The sole surviving medieval manuscript of Beowulf (British Library)

I used to teach a unit about the history of the English language. It sounds like a very academic (i.e. "boring") topic, but I think it turned out to be be more interesting than most of my students expected.

It all starts with invasions. Three Germanic tribes invade Britain during the 5th century AD. The Angles, the Saxons and the Jutes, crossed the North Sea from what today is Denmark and northern Germany.

The people of Britain spoke a Celtic language and the invaders pushed them west and north into what is now Wales, Scotland and Ireland. Which tribe dominated? Well, the Angles who came from Angleland were successful enough to give us - through some mispronunciations  of Angleland - "Englaland" later England. Their language was called "Englisc."  And most of us have heard the term Anglo-Saxon.  The Jutes, who settled in Southern Britain, didn't fare as well.

When I was in college, a professor played us recordings of Old English. I expected it to sound like Shakespeare or Chaucer, but it sounded like a foreign language. You could hear hints of German, Norse an, as I was taught, some Latin and Celtic.

Old English is the English of Beowulf, and it sounds like another language. To me it sounded more like German, with some Latin, Norse, and Celtic influences.

Listen to this brief excerpt:

Beowulf might sound like something J.R.R. Tolkien made up for his elves to speak in The Lord of the Rings.

So, we had speakers of “Old English,” “Middle English,” and “Modern English.” Shakespeare, much to my freshmen English students' disbelief, was speaking Modern English.

A few, but not that many, modern English words come from Old English. Some of them are commonly used ones like our articles, pronouns and prepositions.

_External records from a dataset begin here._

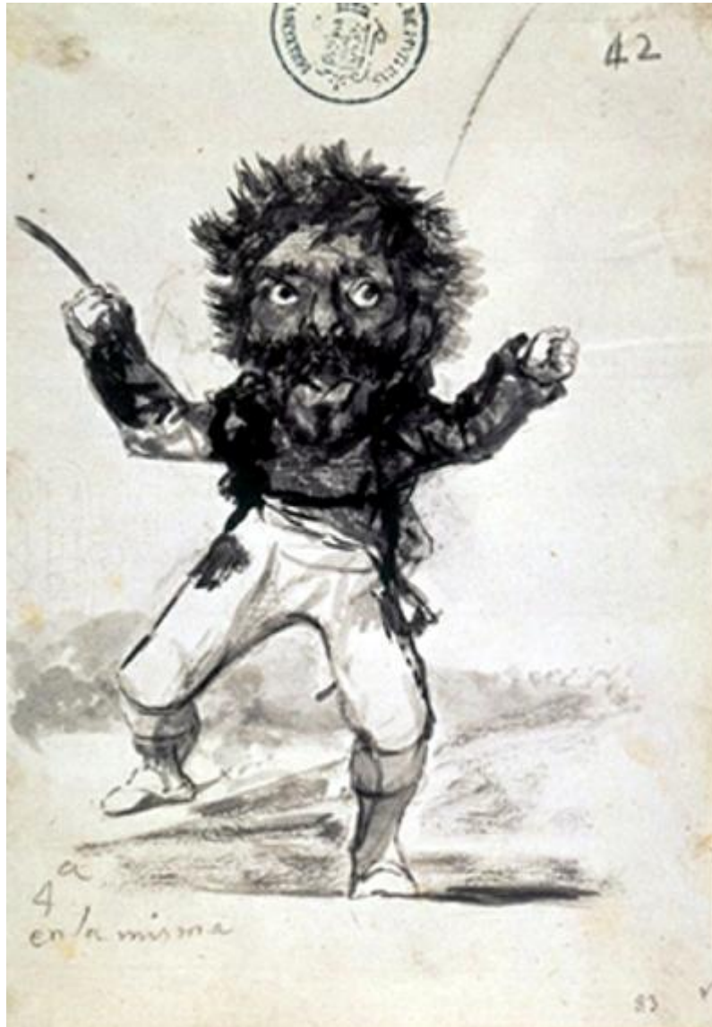
Figura 10. Visión burlesca. 4ª en la misma.

muestra volando, intentando alzar una pesada tapadera. La leyenda anuncia: Nada dicen , como más tarde en el Desastre 69 .
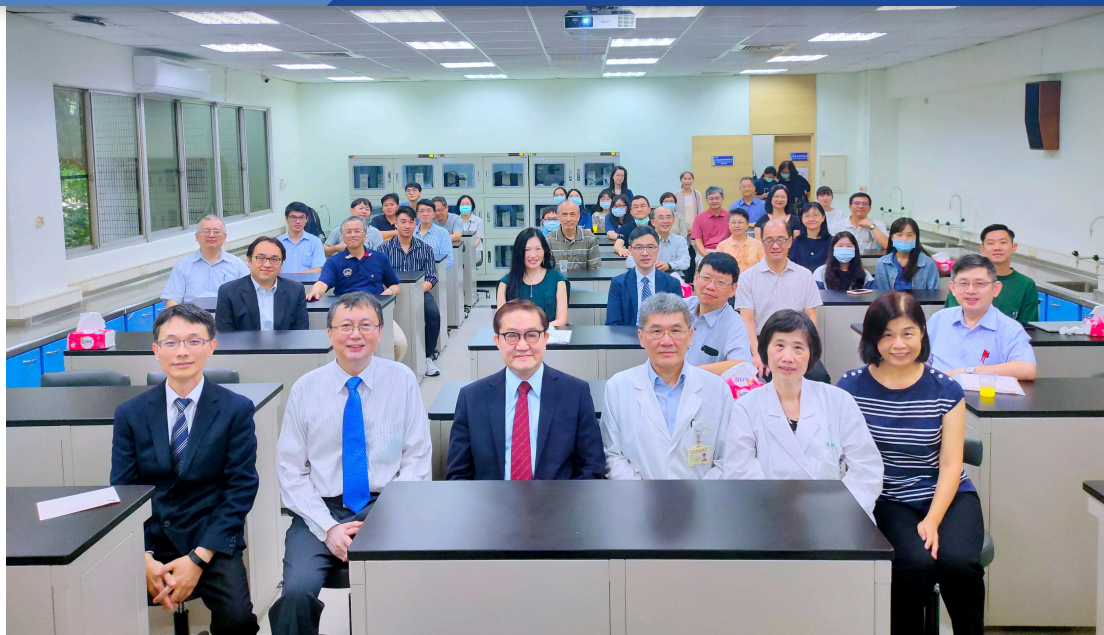
參與啟用茶會的師生，合影於整修完工之320實驗教室
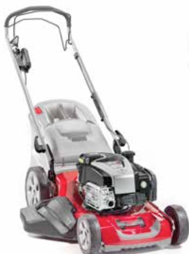
XS 55 BVWE4 [294557523/C16]
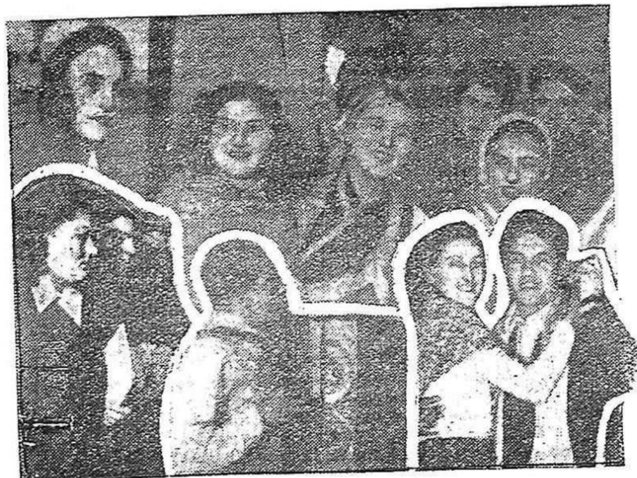
Diversos aspectos de uno de los festivales de la Conferencia

Después de la sesión del viernes por la tarde, celebróse un concurso de danzas y canciones, primero de los intermedios artísticos y recreativos que fueron intercalados en el programa de la Conferencia y que contribuyeron a darle una brillantez y un carácter auténticamente juvenil sin precedente en los anales de la emigración española.
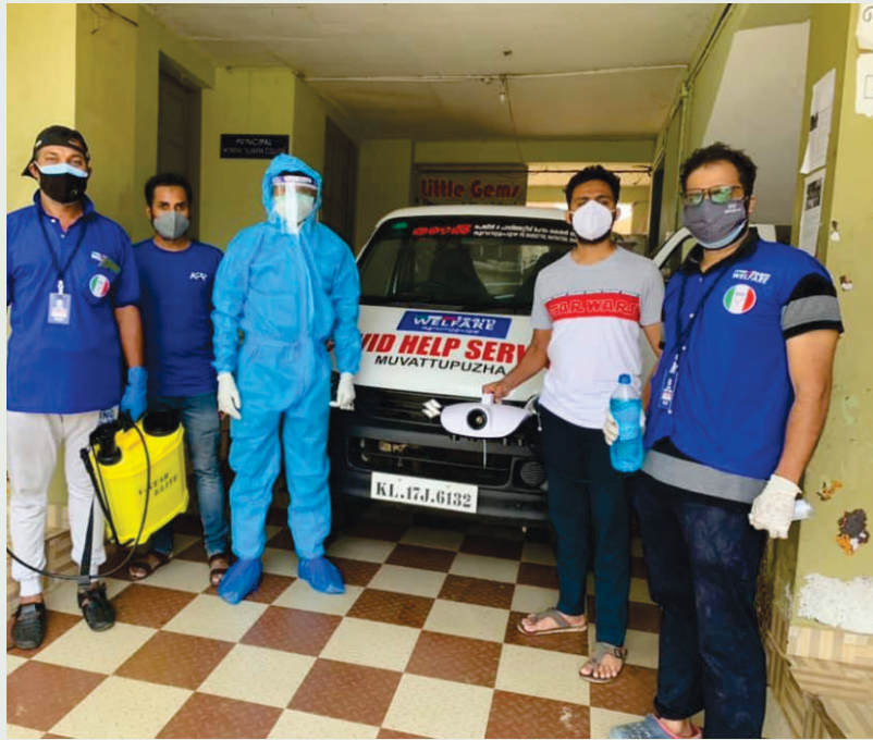
തണൽ വോളന്റിയർമാർ കോവിഡ് പ്രതിരോധപ്രവർത്തനത്തിൽ

That Middle English period (1100-1500) got a kickstart from William the Conqueror, the Duke of Normandy (part of modern France), in 1066 when he invaded and conquered England.

These "Normans" spoke a form of French that became the language of the Royal Court, the ruling class and business classes. there was certainly a class division based on language. The lower classes spoke English and the upper classes spoke French.

But, by the 14th century, English became dominant again, though many French words had been added. Enter Middle English.

This was the English of the poet Chaucer. A bit more understandable to us today that Old English, but still difficult - as any student who had to study Chaucer's Canterbury Tales will tell you.

Take a listen to his Prologue:

Around 1500, there is a distinct change in pronunciation (actually called "The Great Vowel Shift") with vowels being pronounced shorter. The British are much more global and connecting with other languages. Add in the Renaissance of classical learning, and the invention of printing and we get a much more common language. Books being cheaper meant more people learned to read and that led to standardization of English spelling and grammar.

The dialect of London, home of the publishing houses, was the standard. In 1604 the first English dictionary was published.

Though the Early Modern English of Shakespeare still sounds odd to students, the big change that comes after this to late Modern English (1800+) is mostly vocabulary.

For that, we can point to the Industrial Revolution and technology which created many new words (and still does today) and at that time the British Empire was at its height globally. English was spoken around the world and also took on many words from around the world.